Production began September 28, 1981, at Doraville Assembly in Georgia for the 1982 model year. In 1984, the Cutlass Cruiser station wagon model moved to the Cutlass Ciera's platform; previously, the nameplate used the rear wheel drive G-body. The Cutlass Ciera came in three trim levels: the base, LS, and Brougham.

The standard engine was a 2.5 L four-cylinder Tech IV (Pontiac Iron Duke) engine. All models also included standard bench seats and cloth interior. Available on all models were a 3.0 L Buick V6 engine, or a 4.3 L Oldsmobile Diesel V6 engine. Brougham trim added a plush interior with vinyl accents, leatherette interior door pulls, additional chrome trim, and a reading lamp. The base coupe and sedan were initially dropped after 1982 due to poor sales, leaving LS and Brougham trim as the only available from 1983 until 1985, excluding special editions. During the model year, production ended at the Fremont GM Assembly Plant when that facility closed.

The 1983 model year added a new ES trim package for the coupe and sedan models. This would be the last year for the standard 13-inch wheels. During the spring of 1983, a special edition Holiday Coupe was added to the option list as part of the Oldsmobile Road Show sales promotion.

For 1984, the line added a new Cruiser wagon, replacing the former G-Body Cutlass Cruiser. A 3.8 L Buick V6 became available and the Holiday Coupe package returned to the options list for its first full year as did a 4-speed manual transmission for diesel models. This transmission was dropped in the fall of 1983 from the option list. A 4-speed automatic transmission with overdrive was first available for 1984, optional with the 3.0L V6 and 4.3L diesel V6, and standard with the 3.8L V6.

For 1985, the Cutlass Ciera received its first facelift with a revised grille, headlamps, taillights, and interiors. The GT coupe was added as a companion to the ES sedan. In spring 1985 the Oldsmobile designed 4.3 L diesel was dropped due to poor sales. Canadian models added the 2.8 L 2bbl V6 this year.

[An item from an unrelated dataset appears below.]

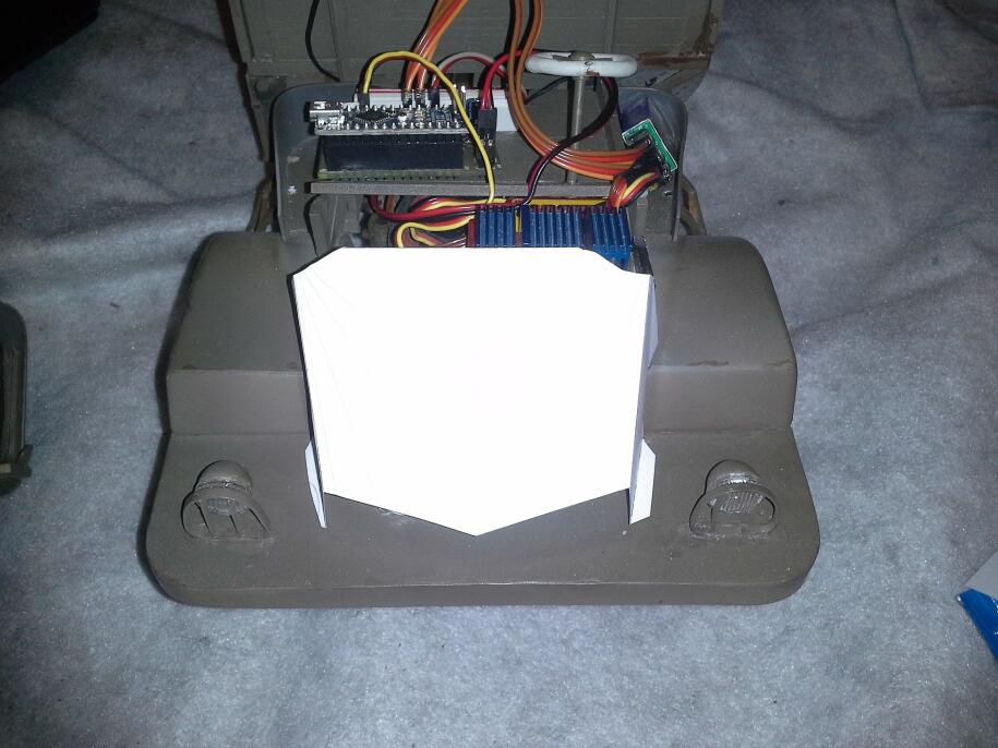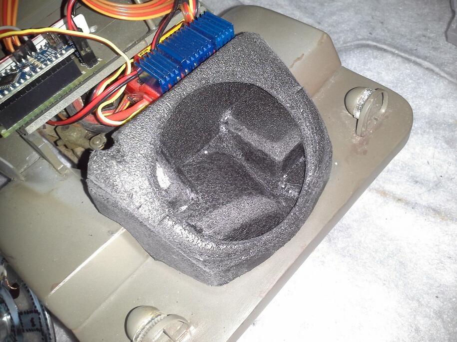 Dalším krokem realizace zvukového modulu pro T128 byla zástavba reproduktoru pod kapotu. Jak je výše naznačeno, prostorové uspořádání pod kapotou je jiné než u T130.

For 1986, the Cutlass Ciera's grille had expanded ventilation sections than the similar 1985 model. The coupe received a revised roofline that was not initially shared with the other GM A-body models, but later migrated to the Buick Century coupe. These models are identifiable by their revised roofline and updated VIN identification, which replaced the "27" coupe designation used from 1982 until March 1986 with "37". 1986 also saw the addition of the 2.8 L V6 in place of the previously offered Buick 3.0 L V6 in the American market. The 2.8 L engine had previously been offered in Canadian Ciera's with the 2-barrel carburetor. In compliance with safety regulations, the 1986 Ciera was the first to have a high mount brake light as standard equipment. The Cutlass Ciera nameplate appeared on the rear fiberglass panel, just below the trunk lid.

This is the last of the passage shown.